Ce samedi 31 janvier, quelques centaines de personnes se sont rassemblées Place de la Victoire à Perpignan à l’appel du syndicat Alliance Police Nationale avec le mot d’ordre : « stop aux promesses sans actes, stop à l’effondrement de l’autorité, stop à l’insécurité, stop à l’impunité ».
Parmi elles et eux, étaient présents des élu.es de droite et d’extrême droite mais aussi le préfet des Pyrénées-Orientales.
Les organisations syndicales CGT-FSU-SOLIDAIRES s’indignent de la participation du représentant de l’Etat à ce rassemblement qui s’apparente, à la veille d’élections municipales et professionnelles, à un coup de force des organisations porteuses des idées d’extrême droite.
Les organisations syndicales CGT-FSU-SOLIDAIRES sont scandalisées et s’interrogent :
- comment un préfet, qui incarne l’Etat sur notre territoire, peut-il participer à un rassemblement à l’appel d’une organisation syndicale représentative dans son propre ministère alors qu’il est tenu à un devoir de neutralité ?
- comment un haut fonctionnaire soumis à un devoir de réserve peut-il s’afficher bras dessus bras dessous avec des élus et des représentants syndicaux dans la presse et les réseaux sociaux ?
- comment un préfet peut-il soutenir des revendications contraires aux orientations et à la politique du ministre de l’intérieur ?
- l’appel d’Alliance Police national amalgamant insécurité et impunité, comment un préfet peut-il soutenir la remise en cause de l’indépendance de la Justice par rapport à la police, et donc la structure même de notre Etat de droit ?
Pour les organisations syndicales CGT-FSU-SOLIDAIRES, l’insécurité n’est pas une fatalité, armer toujours plus les forces de l’ordre et demander la présomption de légitime défense pour les policiers ne règlera rien, au contraire !
Depuis trop longtemps, l’insécurité est le lot quotidien des travailleurs et des travailleuses de notre département (insécurité au travail, insécurité au logement, insécurité alimentaire…).

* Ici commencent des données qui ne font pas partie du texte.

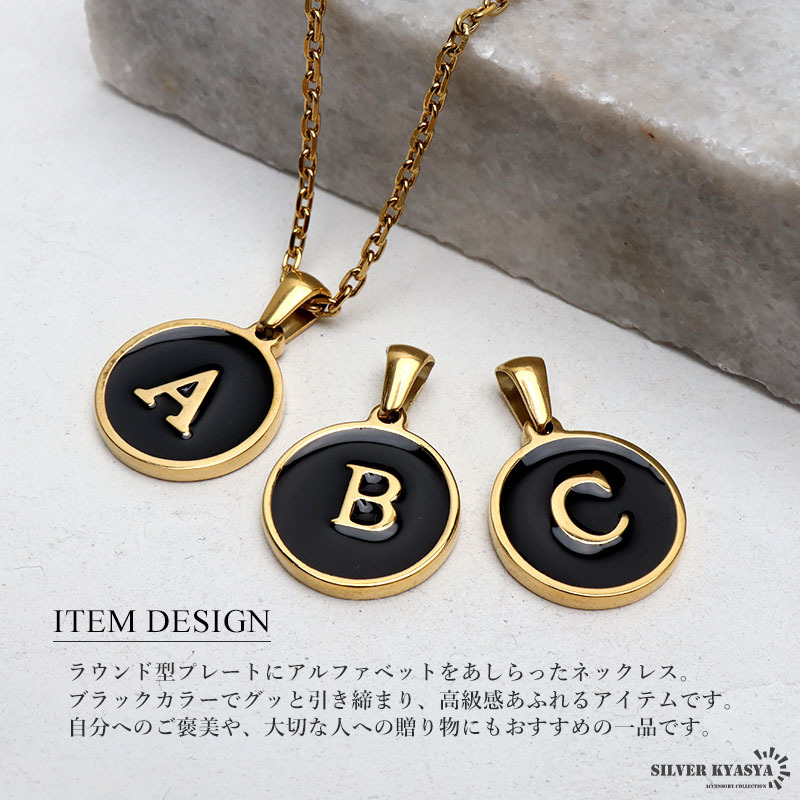 ラウンド型プレートにアルファベットをあしらったネックレス。ブラックカラーでグッと引き締まり、高級感あふれるアイテムです。自分へのご褒美や、大切な人への贈り物にもおすすめの一品です。

L’Etat et les politiques libérales et austéritaires des gouvernements qui se succèdent sont responsables de la fracture sociale et de l’augmentation du sentiment général d’injustice, que l’extrême droite amalgame avec insécurité.
Au lieu d’équiper toujours plus les forces de l’ordre, l’urgence est au renforcement et au développement des services publics (école, santé, transport, énergie, logement, action sociale…) afin de favoriser la cohésion sociale quelles que soient les origines de nos concitoyens et nos concitoyennes.

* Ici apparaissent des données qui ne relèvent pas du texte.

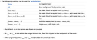 None no ranges drawn All draw background for the entire scale {vmin,vmax} the scale should be styled from vmin to vmax {{vmin,vmax},r} the scale should be styled from vmin to vmax, with range size 0 to r {{vmin,vmax},{rmin,rmax}} the scale should be styled from vmin to vmax, with range size rmin to rmax {range1,range2,…} multiple ranges given by range1, range2, etc. {range1->s1,…} range range1 with style s1 etc. - By default, no scale ranges are drawn on gauges.

Sur notre département fortement touché par le chômage et la précarité, l’urgence est à l’augmentation générale des salaires, point d’indice pour les fonctionnaires, l’égalité salariale entre les femmes et les hommes, l’augmentation des pensions pour les retraités et des minimas sociaux pour les jeunes et les plus précaires.
Le 2 décembre dernier, nos organisations CGT 66, FSU 66 et Solidaires 66 étaient dans la rue et ont appelé à la grève pour exiger un autre budget que celui qui nous est imposé aujourd’hui par le gouvernement Lecornu à coup de 49.3.
Nos organisations sont déterminées à ne rien lâcher contre les idées nauséabondes de l’extrême droite et à poursuivre les luttes pour défendre les droits des travailleurs et des travailleuses. Elles attendent aussi que le préfet des PO retrouve une neutralité inhérente à son poste.
Dans l’attente que vous diffusiez ce communiqué de presse.